[Pacemaker] ClusterMon Resource starting multiple instances of crm_mon
Steven Bambling
smbambling at arin.net
Fri May 10 10:08:18 UTC 2013
On May 10, 2013, at 5:35 AM, Steven Bambling <smbambling at arin.net> wrote:
>
> On May 9, 2013, at 8:05 PM, Andrew Beekhof <andrew at beekhof.net> wrote:
>
>>
>> On 10/05/2013, at 12:40 AM, Steven Bambling <smbambling at arin.net> wrote:
>>
>>> I'm having some issues with getting some cluster monitoring setup and configured on a 3 node multi-state cluster. I'm using Florian's blog as an example http://floriancrouzat.net/2013/01/monitor-a-pacemaker-cluster-with-ocfpacemakerclustermon-andor-external-agent/.
>>>
>>> When I create the primitive resource it starts on one of my nodes but spawns multiple instances of crm_mon. I don't see any reason that would cause it to spawn multiple instances, its very odd behavior.
>>
>> If you run:
>>
>> /usr/sbin/crm_mon -p /tmp/ClusterMon_SNMPMon.pid -d -i 0 -E /usr/local/bin/pcmk_snmp_helper.sh -e zen.arin.net -h /tmp/ClusterMon_SNMPMon.html
>>
>> manually a few times, what happens?

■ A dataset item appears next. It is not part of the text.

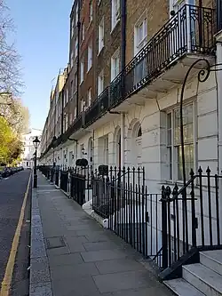 - No 27 : maison de soins infirmiers au début du 20e siècle, appartenant à Lucy Catherine Jervis. Lucile Agnes Dickson, l'épouse de l'un des inventeurs du cinéma William Kennedy Dickson, y est décédée en 1908 et Dickson y a ensuite loué des chambres pendant plusieurs années[8].

Multiple processes?
>
> Yep for some reason its spawning multiple processes.
>
> root at pgdb3 ~]# ps aux | grep crm_mon
> root 30678 0.0 0.0 103244 856 pts/0 S+ 05:30 0:00 grep crm_mon
> [root at pgdb3 ~]# /usr/sbin/crm_mon -p /tmp/ClusterMon_SNMPMon.pid -d -i 0 -E /usr/local/bin/pcmk_snmp_helper.sh -e zen.arin.net -h /tmp/ClusterMon_SNMPMon.html
> [root at pgdb3 ~]# /usr/sbin/crm_mon -p /tmp/ClusterMon_SNMPMon.pid -d -i 0 -E /usr/local/bin/pcmk_snmp_helper.sh -e zen.arin.net -h /tmp/ClusterMon_SNMPMon.html
> [root at pgdb3 ~]# /usr/sbin/crm_mon -p /tmp/ClusterMon_SNMPMon.pid -d -i 0 -E /usr/local/bin/pcmk_snmp_helper.sh -e zen.arin.net -h /tmp/ClusterMon_SNMPMon.html
> [root at pgdb3 ~]# /usr/sbin/crm_mon -p /tmp/ClusterMon_SNMPMon.pid -d -i 0 -E /usr/local/bin/pcmk_snmp_helper.sh -e zen.arin.net -h /tmp/ClusterMon_SNMPMon.html
> [root at pgdb3 ~]# ps aux | grep crm_mon
> root 30772 0.0 0.0 82744 2816 ? S 05:30 0:00 /usr/sbin/crm_mon -p /tmp/ClusterMon_SNMPMon.pid -d -i 0 -E /usr/local/bin/pcmk_snmp_helper.sh -e zen.arin.net -h /tmp/ClusterMon_SNMPMon.html
> root 30781 0.0 0.0 82744 2668 ? S 05:30 0:00 /usr/sbin/crm_mon -p /tmp/ClusterMon_SNMPMon.pid -d -i 0 -E /usr/local/bin/pcmk_snmp_helper.sh -e zen.arin.net -h /tmp/ClusterMon_SNMPMon.html
> root 30784 0.0 0.0 82744 2476 ? S 05:30 0:00 /usr/sbin/crm_mon -p /tmp/ClusterMon_SNMPMon.pid -d -i 0 -E /usr/local/bin/pcmk_snmp_helper.sh -e zen.arin.net -h /tmp/ClusterMon_SNMPMon.html
> root 31134 0.0 0.0 103244 856 pts/0 S+ 05:30 0:00 grep crm_mon
>
> Put the .pid file in the tmp dir only lists 1 pid
> [root at pgdb3 ~]# cat /tmp/ClusterMon_SNMPMon.pid
> 30772
I take that back I doubled checked and the SNMPMon resource was still started which was creating the multiple processes. After I stopped the resource I pkill'd all the crm_mon process and then ran the command again manually. Now it seems to squash the additional processes and only allows 1 process to be running.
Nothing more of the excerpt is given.